2) for queries that use the order by statement, the declare statement is required. Because order by distributes all the result data to the same Reducer for processing in order to perform the sorting process, forcing the user to add this LIMIT statement can prevent Reducer from executing for a long time.

3) query that restricts Cartesian product. Users who are familiar with relational databases may expect to use where statements instead of on statements when executing JOIN queries, so that the relational database execution optimizer can efficiently convert WHERE statements into that ON statement. Unfortunately, Hive does not perform this optimization, so if the table is large enough, the query can get out of control.

7. Enable JVM reuse

JVM reuse is the content of Hadoop tuning parameters, which has a great impact on the performance of Hive, especially for scenarios where it is difficult to avoid small files or where there are a lot of task, most of these scenarios have a short execution time.

The default configuration of Hadoop usually uses derived JVM to perform map and Reduce tasks. At this point, the startup process of JVM can incur considerable overhead, especially if the executed job contains hundreds of task tasks. JVM reuse allows JVM instances to be reused N times in the same job. The value of N can be configured in the mapred-site.xml file of Hadoop. It is usually between 10 and 20, which needs to be tested according to the specific business scenario.

Mapreduce.job.jvm.numtasks 10 How many tasks to run per jvm. If set to-1, there is no limit.

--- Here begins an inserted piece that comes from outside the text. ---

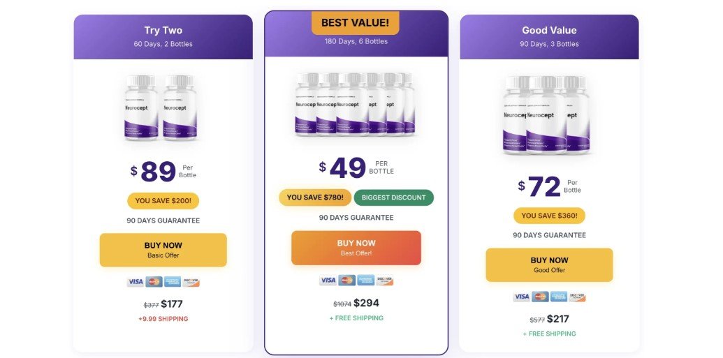 Take advantage of this limited-time offer and get your Neurocept™ bottles delivered at no extra cost. Whether you choose the 3-bottle or 6-bottle package, shipping is absolutely free, making it even easier to experience relief without worrying about additional expenses.

The current one also has its drawbacks. The disadvantage of this feature is that enabling JVM reuse will occupy the task slot used all the time, so that it can be reused until the task is completed, that is, all the occupied jvm will not be released until the entire job execution is completed. If some reduce task in an "unbalanced" job takes much more time to execute than other Reduce task, the slots reserved by the entire job will remain idle but cannot be used by other job until all the task is finished.

VIII. Speculative execution

For the conjecture execution on MapReduce, see the conjecture execution in the MapReduce section, which is not repeated here.

Hive itself provides configuration items to control the speculative execution of reduce-side:

Hive.mapred.reduce.tasks.lative.execution true Whether speculative execution for reducers should be turned on.

It is difficult to give a specific suggestion on tuning these speculative execution variables. If the user is very sensitive to run-time deviations, you can turn off these features. If the user needs to execute map or Reduce task for a long time because of the large amount of data input, then the waste of starting speculative execution is huge.

IX. Enable compression

This can be seen in "hive-- fundamentals" to compress the relevant content. It is mainly optimized by reducing the amount of data transferred by map and reduce, as well as reducing the size of reduce output files.

View the implementation plan

When performing a sql task, you can use explain to view the expected process of execution to see if there are any points that can be optimized.

(1) check the execution plan hive (default) > explain select * from emp; (2) of the following statement to view the detailed execution plan hive (default) > explain extended select * from emp;. These are all the contents of the article "what are the tuning strategies in the use of hive". Thank you for reading! Hope to share the content to help you, more related knowledge, welcome to follow the industry information channel!

Welcome to subscribe "Shulou Technology Information " to get latest news, interesting things and hot topics in the IT industry, and controls the hottest and latest Internet news, technology news and IT industry trends.

*The comments in the above article only represent the author's personal views and do not represent the views and positions of this website. If you have more insights, please feel free to contribute and share.